Monitoring is a key and integral part of being part of a vigilent community. Monitoring in the Computer Operations, CyberSecurity and Network world is a means to assess what is "Normal" to that environment when it works properly, and what is "Not Normal" in the cases of service failures and cyber attack. Monitoring is there to help spot when things fail, as they will, when things change, as they will, and when things that appear and they are not supposed to, as they might.
Monitoring is about the static of what is there, confirming how the static is set to operate, and watching how the operations of things is proceeding. Although this is a small set of things to do it covers a large number of objects to do this on within an environment of high complexity that is not described in enough detail to be certain of the paths always taken. It is because of this huge volume of complex paths to follow that monitoring is such a trove of options, tools, and approaches to the problem. But the problem spans and overlaps contractual considerations, operational considerations, service level considerations, security considerations and cybersecurity considerations. When you do something for one it is highly probable that that result is also appropriate for use in another.
Monitoring can also become overbearing and complex in its own right. While not doing any monitoring is one extreme, doing monitoring to the loss of minimum processing capability is the other and the costs for this can be high. Note that the value of monitoring follows Pareto's Assertion (80:20 Rule) that the largest proportion of value come from the first and second iterations of efforts.
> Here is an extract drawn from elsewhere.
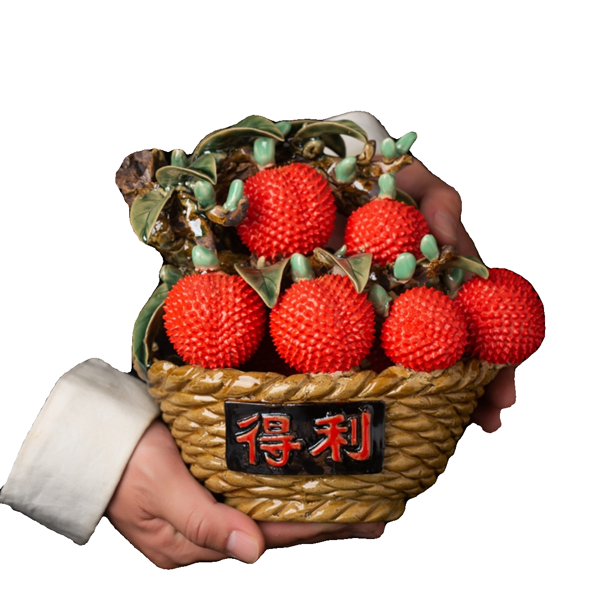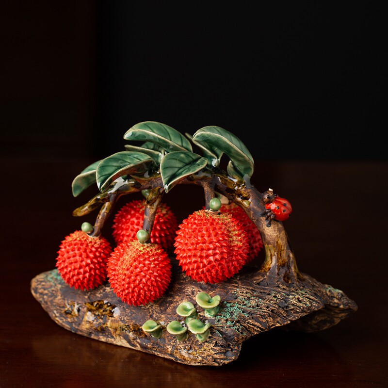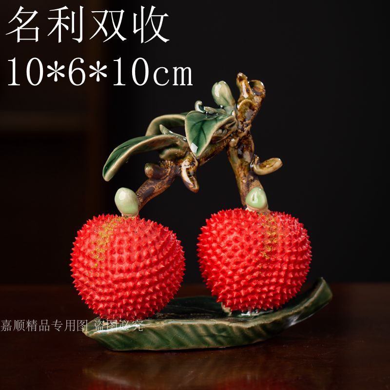 手工陶瓷客厅荔枝水果大吉大利开业礼品中式家装工艺品办公桌摆件

Also note that even if you are very good in one type of monitoring there are other aspects of monitoring that need to be covered. Focus on one aspect leaves actions in other areas open to use as a bypass route around efforts. It is proposed here that some action, across many monitoring surfaces, provides for a Defence in Depth approach. Each layer also provides obstacles which may force a tripwire and alternative scanning sources to flush bad actors caught between differing styles, timings and mechanisms of review.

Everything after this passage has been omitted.